Horror fans were so used to watching fictional injuries exacted upon living characters that Jane Doe concocted something more original, as we cannot see where the corpse has been at a disadvantage or if there has been any violence inflicted on it, as she could have been poisoned for all we know. Indeed, the people who do Jane the most damage are the two coroners, two men cutting up a young woman who may not be too happy about that treatment of her corporeal form in spite of not being present within it in spirit.
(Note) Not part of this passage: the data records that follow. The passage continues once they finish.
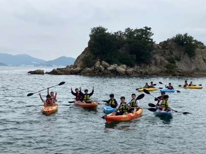 シーカヤック体験。1人乗りと2人乗りのカヤックに分かれて体験しています。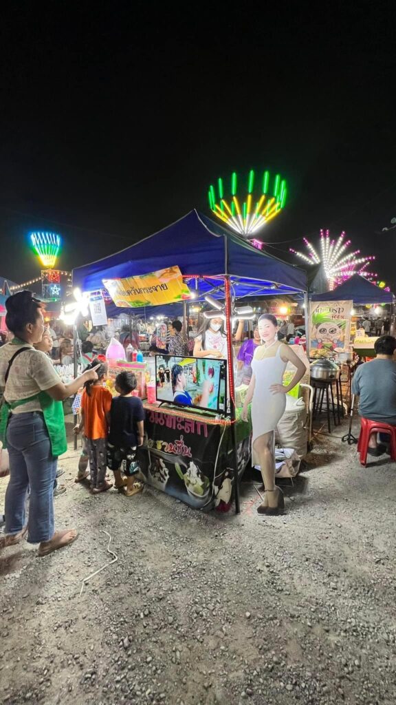 จอย : ช่วงโควิดพอดีว่างานวัดงานนี้มันอยู่ใกล้บ้าน แล้วพี่ก็ชอบขาย แล้วมันสะดวกไม่ต้องเหนื่อยเก็บของ จะมีของอยู่ที่นั้น จังหวะดีที่ว่าที่เราไปขายอยู่เจ้าของที่เขาจะเก็บไว้ให้เรา เพราะพี่ขายมา 5-6 ปีแล้ว ซึ่งงานนี้ขายดี แต่ไม่ได้ตามเป้าที่เราเคยขาย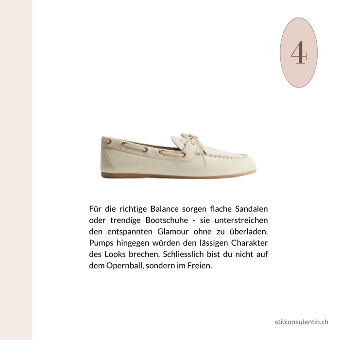 Dazu passen flache Sandalen, trendige Bootsschuhe oder sogar barfuss – perfekt, wenn die Einladung zum „Sundowner-Apéro auf einer Yacht“ lautet. Ein cooler Zopf oder Beach Waves runden das Ganze ab, und schon hast du dein „mal anders“ Party-Outfit. Ungezwungen, individuell und ideal für stylishe Sommernächte!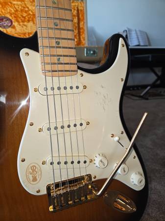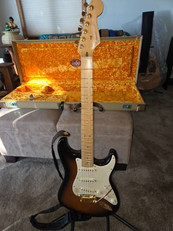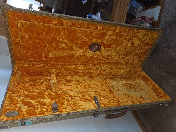 Made in America. I bought this brand new in 2004 and did not play it. Pick guard still has blister wrap and is unmarred. I have the receipt. Beautiful case. Accessorized in gold.

Now, obviously a coroner cannot do their job without some form of dissection, it is part of the process, but this film had a take on that, where it was necessary to forget there had ever been a person inhabiting these bodies they examine.

Jane does not want to be forgotten, however, and does her darnedest to remind the two men that there was someone alive in there once, and it was her, or at least that's what you felt was implied as she never says so in so many words. Director André Øvredal had made his name internationally with Trollhunter, a semi-jokey horror set in the great outdoors that was a million miles away from the confined and claustrophobic location in this, though while Autopsy had its fans, it was not a breakout hit in the same manner as his previous movie. He said he wanted to make a horror with a straightforward premise after being inspired by The Conjuring, and though the plots were different, and this was rather more thoughtful, at least in the earlier stages where its quiet unease had the viewer's mind racing, you could perceive the same mechanisms behind their impetus.

Yet while The Conjuring, and indeed its sequel, were religious propaganda piggybacking on a very loose premise of truth, Autopsy had a more social agenda, wondering about scapegoating, the subjugation of women by men in communities that should have known better, and how there's something about women that can make men disquieted, as if they don't understand how their minds work. This could have been the basis for a series of "women, can't live with 'em, can't live without 'em" jokes, but it went to genuinely provocative places instead while remaining an identifiable chiller with all the gore and jump scares that had grown to be staples of the genre; it wasn't profound, exactly, but adjust to its rhythm and think on how Jane is being treated, like an object, a locked room mystery housed in a single body, and you would get on with it pretty well, though the witchcraft angle suggested a need to play it safe within its boundaries when something that broke through them with more narrative satisfaction could have dispelled the slight disappointment engendered by the last act. Nevertheless, worth any horror fan's time. Music by Danny Bensi and Saunder Jurriaans.

[Lionsgate's Blu-ray presents the film well, with subtitles for the hard of hearing, and a short Q&A with the director is the sole extra.]